Non loin de là vivait aussi Antée, fils de Poséidon et de Gaïa. Géant invincible tant qu’il gardait les pieds sur la terre de sa mère, il fut vaincu par Héraclès qui le souleva dans les airs. Plutarque rapporte que les Africains montraient encore son tombeau dans un tumulus mégalithique, celui de Mzora, près de l’actuelle Larache : «C’est là, disent les Africains, qu’Antée est enterré.»

Dans cette géographie mythique, plusieurs auteurs identifièrent dès l’Antiquité Lixus, près de l’actuelle Larache, au pays des Hespérides, ces nymphes du Couchant gardiennes des fameuses pommes d’or.

Pline, Pomponius Mela et Plutarque y situaient leur jardin ainsi que l’un des douze travaux d’Héraclès, faisant de la façade atlantique du Maroc l’un des grands paysages mythiques de l’imaginaire grec.

Dans ces conditions, il n’est pas étonnant que certains auteurs aient cherché aux confins du monde connu, peuplé d’Atlas, d’Antée et des Hespérides, quelques-unes des étapes du voyage d’Ulysse.

Selon la tradition homérique, Calypso, fille d’Atlas, recueille Ulysse sur son île paradisiaque après son naufrage. Éprise du héros, elle le retient auprès d’elle et va jusqu’à lui promettre l’immortalité s’il accepte de renoncer à Ithaque, à Pénélope et à sa condition de mortel.

Mais Ulysse refuse l’éternité. Il choisit de retrouver son épouse, son royaume et son destin.

Où se trouvait cette île? Homère ne le dit jamais, laissant à ses lecteurs le soin de l’imaginer.

Depuis plus de deux millénaires, géographes, historiens et voyageurs s’efforcent de situer Ogygie. Les uns l’identifient à l’archipel maltais, d’autres la placent près des côtes grecques, voire aux abords de Sebta.

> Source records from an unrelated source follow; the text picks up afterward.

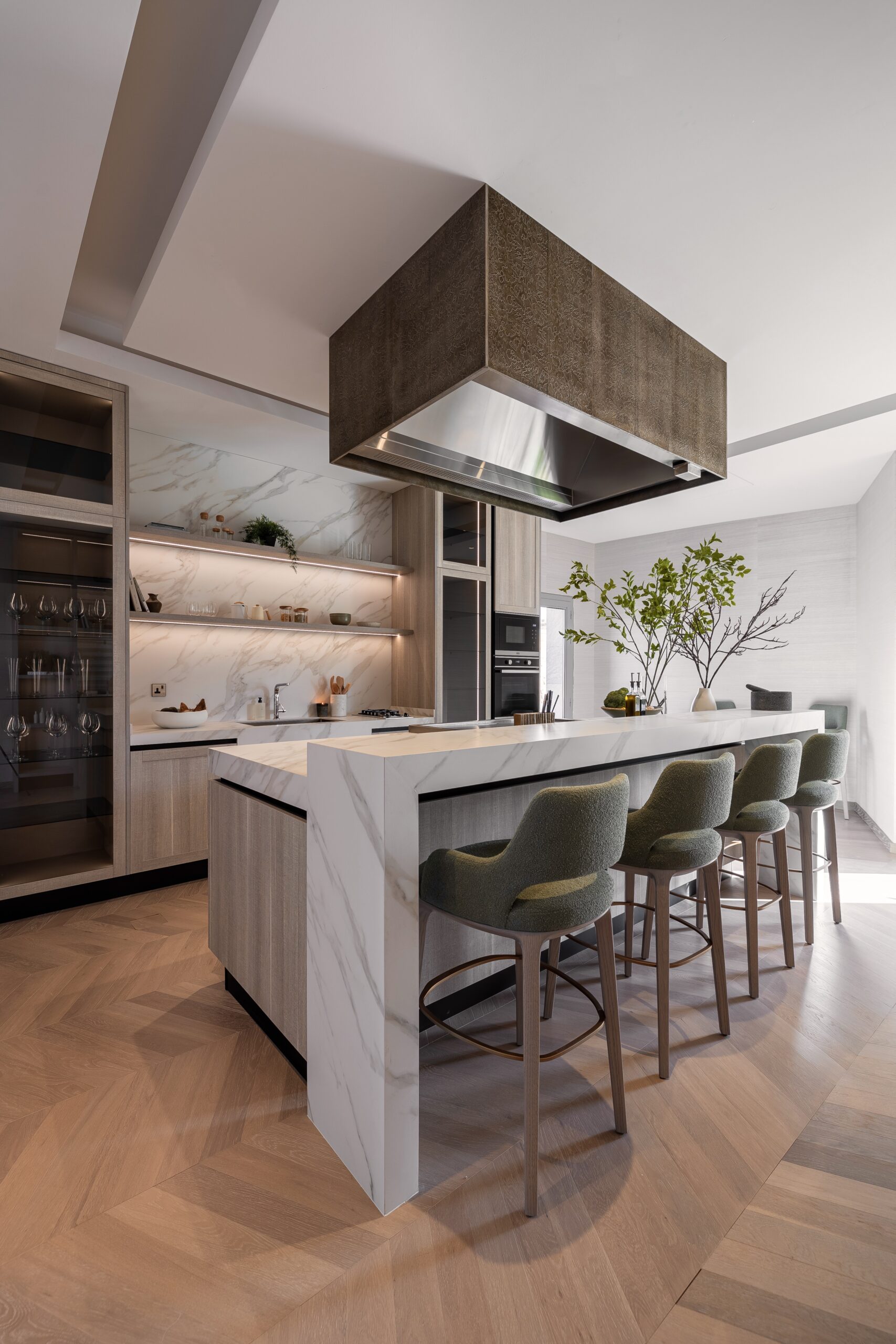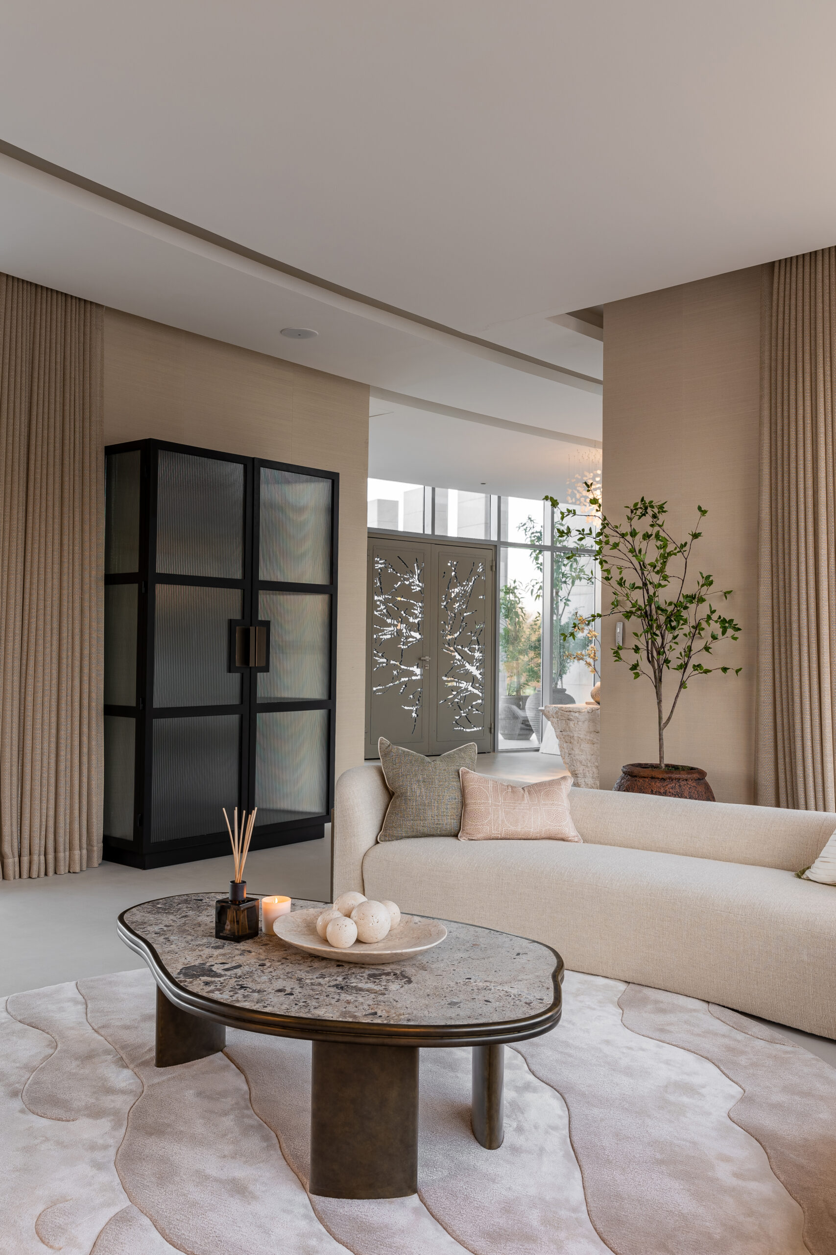 The result is a farm villa that feels intrinsically connected to its setting, embodying organic character and earthy elegance without compromising the gentle sophistication synonymous with Buthaina Humaidy Interiors.
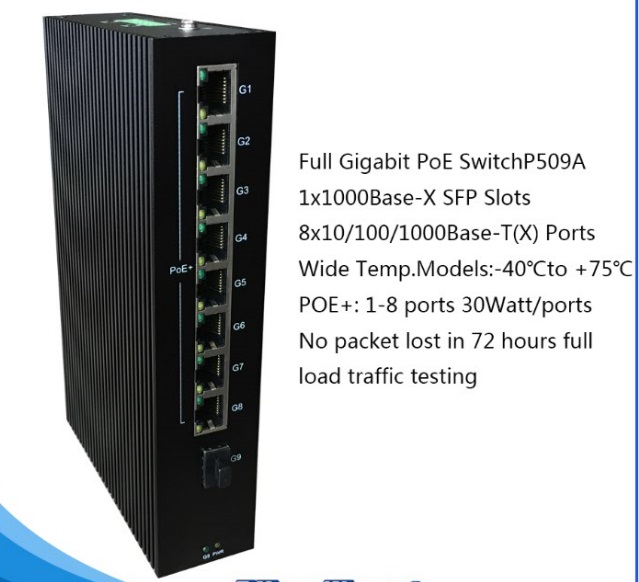 P509A Full Gigabit Unmanaged PoE Industrial Ethernet Switches are equipped with 9 Gigabit Ethernet ports, and up to 8 PoE ports, making them ideal for applications that demand high bandwidth.
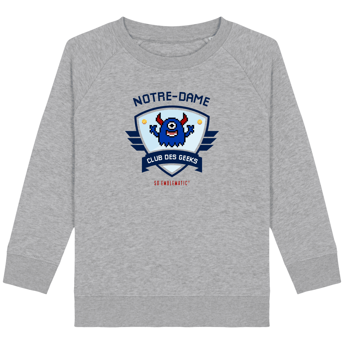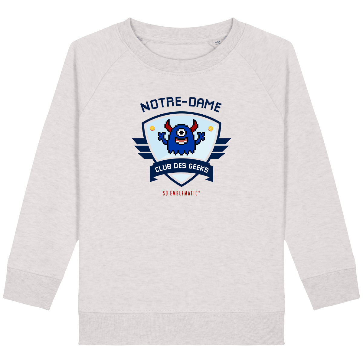 Sweat Enfant CLUB DES GEEKS NOTRE DAME. Sweat enfant col rond en coton BIO de la marque STANLEY STELLA. Manches raglan, Col en côte 1×1. Bande de propreté intérieur col en jersey. 1/2 lune intérieur col dans la matière principale, Côte 1×1 au bas de manches et bas de corps. Surpiqûre double aux emmanchures, bas de manches et bas de corps. Sweat intérieur en molleton non brossé (non duveteux). 85% coton biologique filé et peigné, 15% polyester recyclé. Coupe normale du 3/4 ans au 12/14 ans. 300 G/M².

Il serait hasardeux de transformer ces hypothèses en certitude géographique. Homère n’écrivait pas un guide maritime, et les îles de L’Odyssée appartiennent autant à l’univers du symbole qu’à celui de la cartographie.

Ogygie a d’ailleurs été revendiquée par plusieurs îles et rivages du monde méditerranéen et atlantique, chacun souhaitant inscrire dans son patrimoine une étape du plus célèbre des voyages antiques.

L’hypothèse marocaine n’est pourtant pas dépourvue de cohérence mythologique. Calypso est la fille d’Atlas, dont la demeure se situe aux confins occidentaux du monde. Les Colonnes d’Héraclès marquent précisément cette frontière entre la Méditerranée et l’Océan, tandis que le jardin des Hespérides, le royaume d’Antée et plusieurs exploits du plus célèbre des héros grecs s’inscrivent dans ce même horizon.

Dans un tel cadre symbolique, l’île de Calypso n’a rien d’incongru.

Les mythes ne constituent évidemment pas des preuves archéologiques. Ils révèlent néanmoins la géographie mentale des Anciens. À leurs yeux, l’extrême Occident africain n’était pas un désert au bout du monde mais un espace vivant, chargé de récits et de présences fabuleuses.

Les terres marocaines se trouvent ainsi à la rencontre de deux géographies: celle des navigateurs, qui exploraient les limites du monde connu, et celle des poètes, qui peuplaient ces mêmes rivages de géants, de nymphes et de héros.

Après les aèdes, les marins et les géographes, voilà les cinéastes qui redessinent la carte de L’Odyssée.

En choisissant le Maroc comme l’un des décors de son adaptation, Christopher Nolan croyait peut-être offrir à l’épopée homérique un nouvel horizon. Il a refermé, d’une certaine manière, une boucle vieille de près de trois mille ans.